At the ACS Publikation Symposium - Biological and Medicinal Chemistry in Bonn, March 6-8, 2023 Carolin (working group Prof. Christa E. Müller) presented her poster entitled: "Protein kinase inhibitor ceritimib blocks ectonucleotidase CD39 - a promising target for cancer immunotherapy". The clear, well-structures, and very appealing presentation of her scientific work inspired the particpants and the vistors of the symposium.Together they selected their poster for the audience award. Congratulation to the young an aspiring scientist Carolin S. Pikullik!

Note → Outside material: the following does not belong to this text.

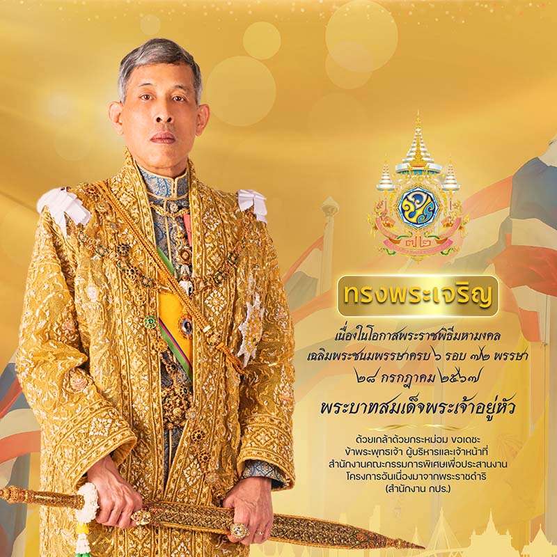 เนื่องในโอกาสพระราชพิธีมหามงคลเฉลิมพระชนมพรรษาครบ ๖ รอบ ๗๒ พรรษา ๒๘ กรกฎาคม ๒๕๖๗ พระบาทสมเด็จพระปรเมนทรรามาธิบดีศรีสินทรมหาวชิราลงกรณ พระวชิรเกล้าเจ้าอยู่หัว

Carolin S. Pikullik about her project:
📌Accumulation of extracellular adenosine has emerged as a key mechanism of immune escape. Adenosine represents one of the strongest physiological immunosuppressive mediators, but also promotes tumor cell proliferation, metastasis and angiogenesis. Ectonucleotidases, which catalyze the hydrolysis of ATP to AMP (CD39) and further to adenosine (CD73), are upregulated on many cancer cells. Thus, these enzymes are considered as promising targets for the (immuno)therapy of cancer. However, small molecule CD39 inhibitors suitable for therapeutic applications are lacking. Since most kinase inhibitors used in cancer therapy target the (intracellular) binding site for the co-factor ATP on protein kinases, we figured that some of them might additionally interact with the (extracellular) ATP substrate binding site of CD39. Thus, we screened 50 approved ATP-competitive protein kinase inhibitors on human CD39. Ceritinib, an anaplastic lymphoma kinase (ALK) inhibitor, was discovered to additionally inhibit CD39 at a therapeutically relevant concentration. The drug displays a non-competitive, allosteric mechanism of inhibition (Ki = 11.0 µM). Furthermore, Ceritinib features high metabolic stability, optimized physicochemical properties and brain permeation and is therefore an ideal starting point to develop more potent and selective CD39 inhibitors. We currently optimize the ceritinib scaffold for CD39 inhibition and/or dual CD39/ALK inhibition.